# does anyone feed their pup pedigree puppy pouches



## babyjane1968 (Oct 12, 2004)

i was just wanting to ask this question as honey loves the pouches better than that mushed up tinned pedigree puppy food,oh an she hates pedigree dried puppy food.
so what i was wanting to ask is shes now onto 2 meals a day 
it says on the pouch pack 
3kg--2 pouches a day
5kg--3 pouches a day
10kg--4 pouches a day

now she weighs just over 2lb so i started by feeding her a half pouch each time,so i now give her 1 pouch in morning mixed with her dried biscuit mixers and again in the evening the same.
so if anyone has got any info it be great
oh an you can tell me off if im not doing it right,maybe over feeding her,lol
she doesnt scoff it all up in the 1 go she spaces it out,lol


----------



## OzzyAndLilysMom (Mar 9, 2004)

how old is she ?

I feed mine the little butchers foil trays they have half a one each a day and a bowl of dry food to nibble on if they are hungry - I did feed them the pouches but they didnt like them :wave:


----------



## babyjane1968 (Oct 12, 2004)

ozzysmom said:


> how old is she ?
> 
> I feed mine the little butchers foil trays they have half a one each a day and a bowl of dry food to nibble on if they are hungry - I did feed them the pouches but they didnt like them :wave:


well shes now 12 wks old my aunt breeds dogs an she says 1an half pouches,plus put her mixer out in a bowl during day,an give her some goats milk


----------



## OzzyAndLilysMom (Mar 9, 2004)

dont know about the goats milk but I do know that you should be feeding her 3 times a day until she is 6 months and then cut it to twice after 6 months - due to gher small size etc she really does need 3 evenly spaced pout meals :wave:


----------



## Auggies Mom (Jun 9, 2004)

I was going to say the same as Ozzysmom , that at 12 weeks feed smaller meals 3 or 4 times a day until 6 months.

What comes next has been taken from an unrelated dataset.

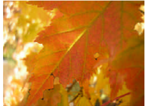
Colour Print: Flora - Adv. Amateur "Fabulous Fall Foliage" Cheryl Behrns

I had a lot of trouble figuring out how much too feed to since I combine wet and dry. I am also a bit of a sceptic since they sell dog food about the quanties they recommend. I have never fed Auggie as much as the package recommends. :roll:


----------



## babyjane1968 (Oct 12, 2004)

ok so i feed her in morning/lunch/teatime


----------